# pro handling question



## frostfirestandards (Jun 18, 2009)

if a dog has to be with the handler for a long time does it recognise its owners when it gets back?
has anyone had a dog come back with a different disposition (like it was crated all the time doing the puppy mill dance, or more friendly/outgoing) just what does shipping a dog off do to the dog emotionally

I have only handled my own dogs so im just curious


----------



## spoospirit (Mar 10, 2009)

_This is a great question and I am anxious to see the answers as well.
_


----------



## cbrand (Aug 9, 2009)

Sabrina was only gone for a month, so I'm not sure that I'm of any help. 

I do know that Poodles never forget their owners.
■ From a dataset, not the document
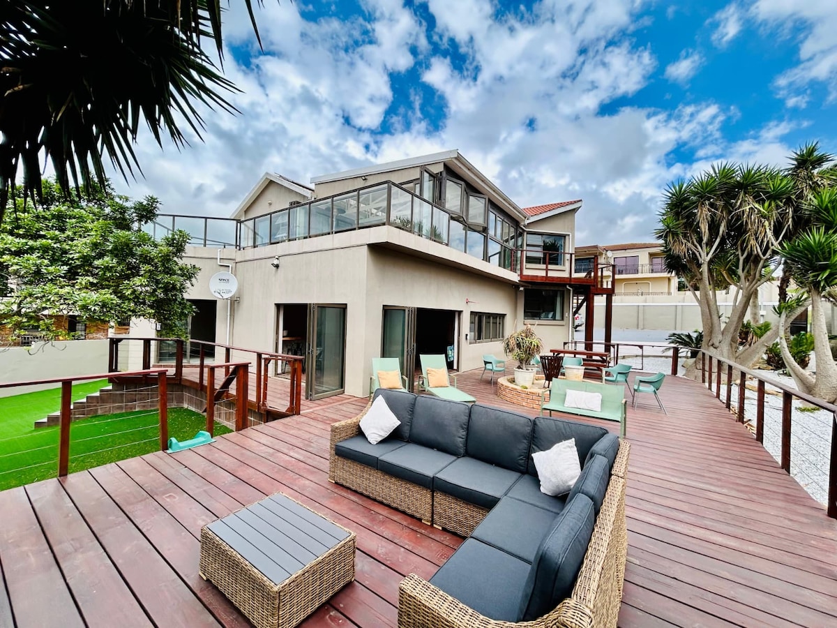 Maison spacieuse de 3 étages avec vue imprenable sur la mer. Avec : 5 chambres avec salle de bains privative, chacune avec sa propre télévision et son propre climatiseur. 2 salons, 1 avec un coin bibliothèque et l'autre avec une télévision et un système de divertissement Bluetooth menant à une grande cuisine équipée, un coin repas intérieur et extérieur avec barbecue/braai. Chaque balcon avec vue sur la mer dispose de 2 chaises longues et d'un coin salon. Parking sécurisé avec télécommandes. Système de secours en place pour la réduction de charge.

It is actually a problem when owners turn up to watch their dogs show because if the dogs spot them, the dogs sometimes get overly focused on their owners and don't show well.


----------



## KalaMama (Nov 20, 2009)

I don't think the dog will forget the owner if there was already a bond established. As far as the handler, you really need to know a lot about them and how they treat their dogs. Get references or look on their site and see what dogs they have and contact those people for references on how their dogs were treated. Beware of a handler that agrees to take your dog on without seeing them (at least in video)- I believe a good handler wants to show a dog they feel could win not just show for the money-my opionion of course. Try to choose one that is well versed in your breed or at least group. Visit their facility when possible.


----------



## Poodlepal (Nov 1, 2009)

They do NOT forget their owners at ALL! Now, there are *some* dogs who don't really *know* their owners because they are sent off as young puppies and live with the handler for a year or more. But the average dog who goes out for several months at a time or less, you can bet they remember their owner and are *so* happy to return home. There shouldn't be any major change in the dog. They may be suspicious and anxious of being left again, but if a dog is treated correctly there won't be lasting changes.


----------